Practical Assessment Exercise
The aforementioned transition from one extreme (cone receptors only) to the other end of the spectrum (rod only) can be more practically observed and felt from the first person perspective by observing a gradual change in lighting conditions. The torch example was too immediate and does not cover gradual, prominent changes in light intensity. Observing the sunset or sunrise would provide a good alternative for observing such a change, and thus I chose the latter for the purpose of this exercise.

The best position to take in order to observe the light changes especially in an urban setting is near the beach. The view of the horizon means the rising sun would be in clear view. Prior to the advent of dawn, and under the moonlight, the rod photoreceptors are at work and looking around the citys night lights does not yield much of a change whereas turning back to the skyline puts the black skyline into perspective. There is an obvious lack of perceptive colors, except for the grey of the clouds and the black of the sky, a feature dealt with by the cone receptors. As dawn begins to emerge, the movement of the clouds becomes more prominent. Light starts seeping through the horizon lighting up the sky in a distinct but slow fashion. Observing the intensity of light gain momentum this gradually makes the world transform right in front of your eyes. At this point it is hard simply to concentrate on the changes to the environment as it is a thought provoking setup, causing the mind to wander.

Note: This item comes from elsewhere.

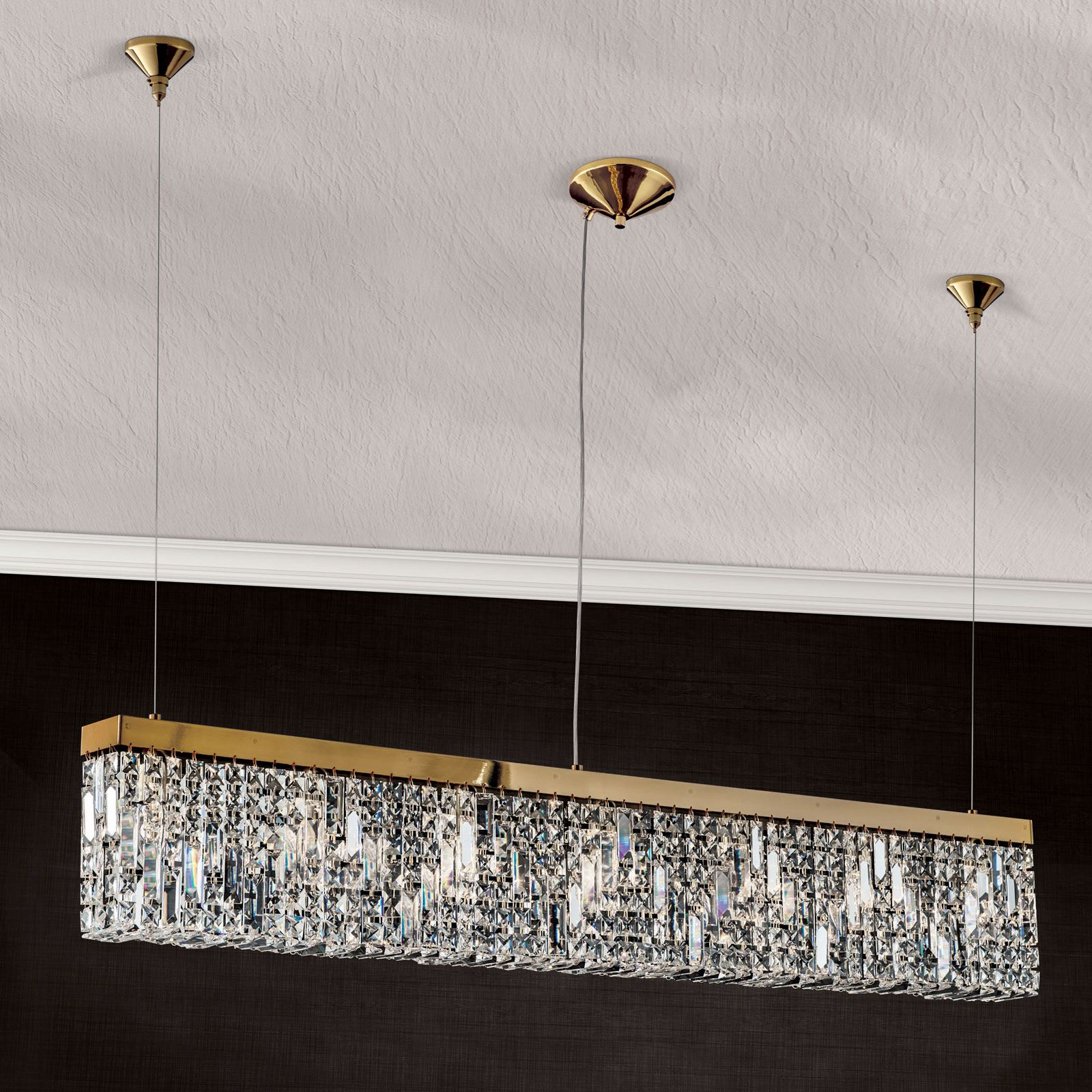 За стила и естетиката на интериора допринасят, както цялостната визия и дизайн на осветителното тяло, така и вложените от производителя в изработката висококачествени материали, като масивен месинг с 24 карата златно покритие, прозрачно кристално стъкло.

As dawn transitions into sunrise and light engulfs the sky, right before the tip of the sun is visible the world delves into rich perceptive colors that are easily distinguishable from the light orange of the dawn. As the sun rises, its initial brilliant shades of orange and yellow immediately strike the eye, transforming the world into a brighter place. The sun, previously bearable, now starts to gain intensity as it rises, filling up the horizon with startling shades of yellow until its visible fully, but quickly becoming hard to bear. Once the sun gains full intensity, the world becomes detailed, with smaller distant objects becoming part of the picture. Color variations are more prominent now throughout.

Reflection
The transition from rod-only vision to cone only vision was of particular interest during the transitory phase. In the beginning, as dawn starts to loom, the rod-only light-sensitive mosaic tends to retain whatever light its receiving from the moonlit beachfront, making way for the cone receptors to take over as dawn is in full swing. From this point on, the response to colors and the light changes are much sharper and faster, suggestive of the characteristics of cones. The vivid display of colors throughout the sky as the sun rears its head from the horizon also indicates that the cones are actively receiving long, medium and small wavelengths with the rising intensity of light. By the time the sun reaches its full glory, the eye lids shut themselves half way, indicative of the fact that although we are in cone-only mode, there is still light seeping in than the human retina can bear.